### PROBLEM STATEMENT
Using the data that follows, give again word for word the lines between the one holding "- Донской государственный" and the one holding "김포시종합사회복지관에서 진행되는 교육문화", inclusive. Omit the pictures.

DATA SHOWN START

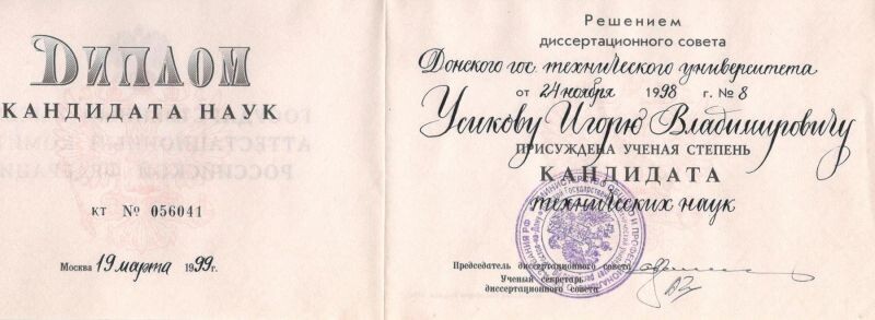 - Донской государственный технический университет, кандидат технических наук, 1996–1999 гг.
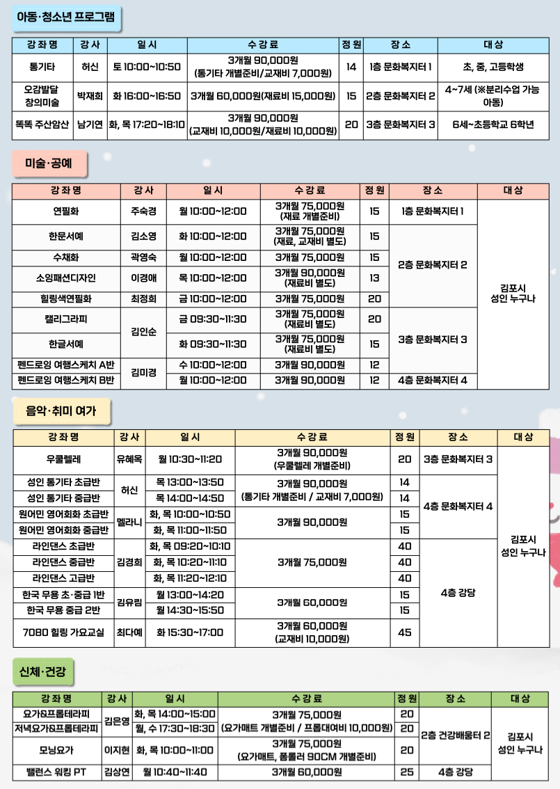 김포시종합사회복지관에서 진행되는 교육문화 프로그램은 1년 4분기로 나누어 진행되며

DATA SHOWN END
DATA SHOWN START

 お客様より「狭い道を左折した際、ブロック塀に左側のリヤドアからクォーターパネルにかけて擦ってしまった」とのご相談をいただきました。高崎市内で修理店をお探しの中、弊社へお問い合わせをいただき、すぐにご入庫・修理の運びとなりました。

DATA SHOWN END

### RESPONSE AREA
 - Донской государственный технический университет, кандидат технических наук, 1996–1999 гг.
 김포시종합사회복지관에서 진행되는 교육문화 프로그램은 1년 4분기로 나누어 진행되며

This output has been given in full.